While the data are consistent with the scarce available evidence in the literature on the natural history of untreated glaucoma, a few things should be kept in mind before the results are generalized to similar patient populations. The definition of NTG vs. HTG is quite arbitrary in general and was based on two baseline IOP measurements in EMGT. No formal IOP curve was done. So one would expect that there would be some overlap between the two diagnostic groups. The authors looked at progression rates in univariate analyses although, to their credit, they did look at the distribution of two other potential baseline risk factors for progression, baseline IOP and age. It would have been interesting to compare the rates in a multivariate model where the rates are adjusted for follow-up IOP and baseline field damage (the other risk factors found in previous EMGT studies) in addition to baseline IOP and age to see whether the rates of progression would still be the same. That said, however, I would expect a fairly high degree of correlation between the baseline and follow-up IOPs. Also, the number of PXG eyes was small potentially limiting the power of such analyses.
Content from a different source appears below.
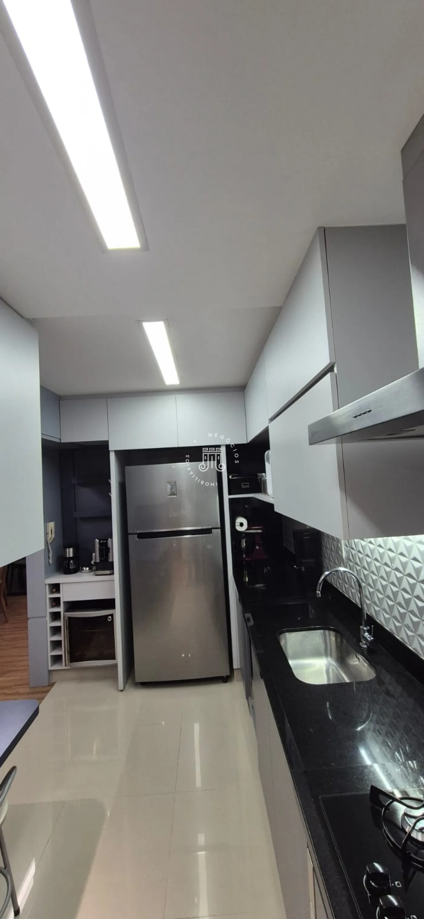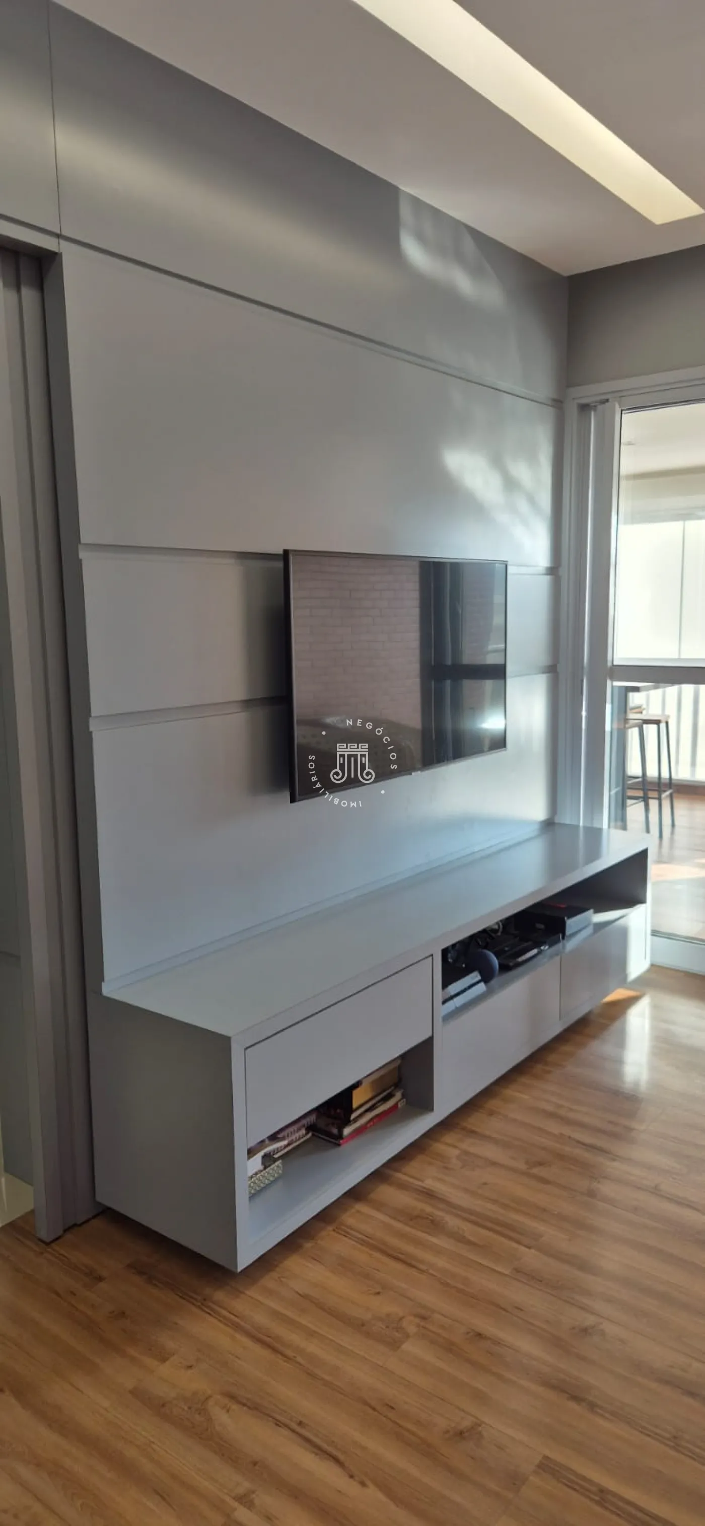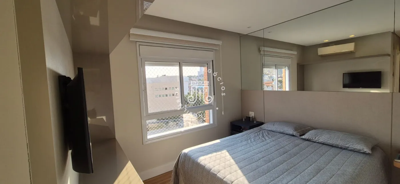 O imóvel possui ar-condicionado na suíte máster, sala de jantar/TV e na sacada, além de três vagas de garagem.

Eyes with PXG are more likely to develop or have cataract progression or surgery, which could confound detection of glaucoma progression in trend analyses. However, given the results are consistent between the MD trend analysis and EMGT criteria, which at least partially correct for the influence of media opacity, this does not seem to be a major issue.
The EMGT database could also be used to answer the question whether, once adjusted for IOP, the progression rates are really different between HTG and NTG patients or we are just dealing with the same disease which progresses more slowly at lower pressures since there is less of the main risk factor for the disease. The last issue that needs to be considered is the fact that neither the MD trend analysis nor the EMGT criteria are location-sensitive. The functional impact of glaucoma is dependent on the location of field defects. Although NTG eyes may be progressing at a slower pace, given the existing evidence that the paracentral regions of the field are more likely to be involved in such eyes, the impact of progression may be different compared to HTG eyes.
I would like to commend the authors for providing us with invaluable information that will keep us thinking for a while and which will likely not be reproduced in our lifetime.